Underdogs have their day in African Cup quarterfinals
BATA, Equatorial Guinea (AP) - It's a list of pretty unlikely contenders.
Equatorial Guinea has just one previous appearance at the African Cup of Nations. Republic of Congo hadn't won a game at the championship in over 40 years before last week. Congo missed out completely in three of the last four tournaments. Even Tunisia, the champion in 2004, has been humble about its chances in 2015.
Yet two of them will come through Saturday's quarterfinals to play in the African Cup semifinals - and maybe even the continent's biggest football game if the run goes on.
Helped by a lopsided draw which placed top-ranked African team Algeria, star-studded Ivory Coast and four-time champion Ghana on the other side, it's one of the best chances in years for some of the so-called underdogs to have their day.
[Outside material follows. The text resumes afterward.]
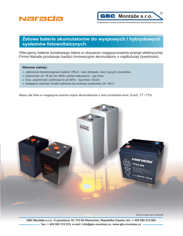 Montáže s.r.o. Projektowanie i montaz systemów fotowoltaicznych, dystrybucja komponentów Żelowe baterie akumulatorów do wyspowych i hybrydowych systemów fotowoltaicznych. Oferujemy baterie światowego lidera w obszarze magazynowania energii elektrycznej. Firma Narada produkuje bardzo innowacyjne akumulatory o najdłuższej żywotności. Główne zalety: całkowicie bezobsługowe baterie VRLA - bez dolewek, bez żrących wycieków żywotność do 18 lat lub 3600 cyklów ładowania - typ Ares max. pojemność użytkowa to aż 80% - typ Ares i EosG dostępne również mostki kablowe do budowy systemów 24 i 48 V Mamy dla Was w magazynie szeroki wybór akumulatorów z serii produktów Ares, EosG, TT i TTG. Dane mogą ulec zmianie! GBC Montáže s.r.o., U panelárny 10, 772 00 Ołomuniec, Republika Czeska, tel.: + 420 585 312 662 fax: + 420 585 312 915, e-mail: [email protected], www.gbc-montaze.cz Montáže s.r.o. Projektowanie i montaz systemów fotowoltaicznych, dystrybucja komponentów Parametry techniczne Seria Ares dla klientów o najwyższych wymaganiach, dla najdłuższej żywotności i maksymalnej użyteczności wypełnione specjalnym opatentowanym żelem do 3600 cykli ładowania przy 50% głębokości rozładowania baterii Typ NR katalog. 4OPzV200 G-601-10 Napięcie Pojemność Głębokość (V) C10 (Ah) rozładowania (%) 2 200 Wymiary (mm) Waga Żywotność* (kg) 80 103x206x357 20 18 lat 28 18 lat 6OPzV300 G-601-11 2 300 80 145x206x357 7OPzV500 G-601-13 2 500 80 166x206x473 41 18 lat 8OPzV800 G-601-15 2 800 80 191x210x646 67 18 lat 10OPzV1000 G-601-16 2 1000 80 233x210x646 81 18 lat Seria EosG oferuje wyjątkową wydajność przy niższej cenie w porównaniu do serii Ares żywotność do 15 lat w trybie podtrzymania do 1200 cykli ładowania przy 80% głębokości rozładowania baterii Typ NR katalog. EosG200 G-601-20 EosG300 G-601-21 Napięcie Pojemność Głębokość (V) C10 (Ah) rozładowania (%) 2 2 300 Waga Żywotność* (kg) 80 95x185x372 14,5 15 lat 80 123x185x372 19,5 15 lat 15 lat 400 80 166x185x372 26,5 2 600 80 223x185x372 37,5 15 lat 2 1200 80 225x229x566 75,5 15 lat EosG400 G-601-23 2 EosG600 G-601-25 EosG1200 G-601-26 Seria TTG 200 Wymiary (mm) baterie blokowe dla małych i średnich instalacji prosta budowa systemów ze względu na kompaktowe rozwiązania baterii Waga Żywotność* (kg) Typ NR katalog. TTG6V105 G-601-50 6 105 40-60 194x170x205 19 12lat TTG6V195 G-601-51 6 195 40-60 306x169x224 32 12 lat TTG6V200 G-601-52 6 200 40-60 320x177x226 35 12 lat TTG12V52 G-601-53 12 52 40-60 220x121x243 18 12 lat TTG12V93 G-601-54 12 93 40-60 308x168x219 32 12 lat Seria TT Napięcie Pojemność Głębokość (V) C10 (Ah) rozładowania (%) Wymiary (mm) kolejna seria kompaktowych akumulatorów o bardzo wydajnej technologii firmy Narada w przystępnej cenie Waga Żywotność* (kg) Typ NR katalog. TT6V200 G-601-62 6 200 50 320x177x229 34,5 12lat TT12V50 G-601-64 12 50 50 228x139x205 17,5 12 lat TT12V93 G-601-67 12 93 50 341x173x216 36 12 lat 345x172x278 45 12 lat 345x172x278 51 12 lat TT12V125 TT12V140 G-601-68 G-601-69 Napięcie Pojemność Głębokość (V) C10 (Ah) rozładowania (%) 12 12 125 140 50 50 Wymiary (mm) Zaznaczone produkty są dostępne na magazynie do natychmiastowego odbioru. * Żywotność akumulatorów z w pełni naładowanymi ogniwami: 2,25 V / ogniwo. Dane mogą ulec zmianie! GBC Montáže s.r.o., U panelárny 10, 772 00 Ołomuniec, Republika Czeska, tel.: + 420 585 312 662 fax: + 420 585 312 915, e-mail: [email protected], www.gbc-montaze.cz

"I know we're not the best. We're not the most beautiful," Tunisia coach Georges Leekens said after reaching the quarterfinals. "But we did qualify. We worked hard for it."
That can be said about all four teams after scrapping their way to the knockout stages.
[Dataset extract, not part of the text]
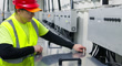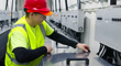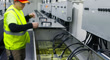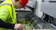 A technician working on an immersion cooling system in a data center for cryptocurrency mining, cloud services and AI computing in a large, temperature controlled warehouse in a remote location in Stutsman County, North Dakota. The server is submerged in a tank of a non-conductive fluid that draws away heat more efficiently than air, which lowers the energy and water consumption of the facility.

In the African Cup's first quarterfinals on Saturday, Republic of Congo plays neighbor Congo, and host Equatorial Guinea and Tunisia meet later the same evening at the same stadium.
In front of its rowdy home fans, Equatorial Guinea has the chance to make the semis for the first time, a pretty good result for a team that wasn't even meant to play at the tournament after being disqualified in qualifying for fielding an ineligible player. Ignoring the controversy of Equatorial Guinea's reinstatement after it was chosen as replacement tournament host, the team has been worth the $4 ticket money for the thousands of Equatoguineans who have packed Bata Stadium to watch them play.
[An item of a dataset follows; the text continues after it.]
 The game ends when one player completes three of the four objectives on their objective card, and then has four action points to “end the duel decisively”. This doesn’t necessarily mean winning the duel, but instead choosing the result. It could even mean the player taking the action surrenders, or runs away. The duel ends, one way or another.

Tunisia now has the unenviable task of going up against that surge of home support.
"We know they are very dangerous," coach Leekens said. "They have the public behind them. They are a dangerous team. We have to be at 200 percent. Then we have a chance. Otherwise we have no chance."
Another team seizing their chance is Republic of Congo, coached by Frenchman Claude Le Roy, now a veteran of eight African Cups. The Congolese have won their first games at the tournament since 1974, left Gabon and 2013 finalist Burkina Faso behind in the group stage, and are promising to keep playing their carefree brand of attacking football.
Their quarterfinal opponents are the other Congo, once known as Zaire and once a power at the Cup of Nations, winning titles in 1968 and 1974 before a gradual slide out of African football's elite. A win on Saturday would put the country into the semis for the first time in nearly two decades, and only the second time since the long-forgotten glory of '74.
It would also set up a semifinal against top-ranked Algeria or Ivory Coast's array of stars. And that really would be back in the big time.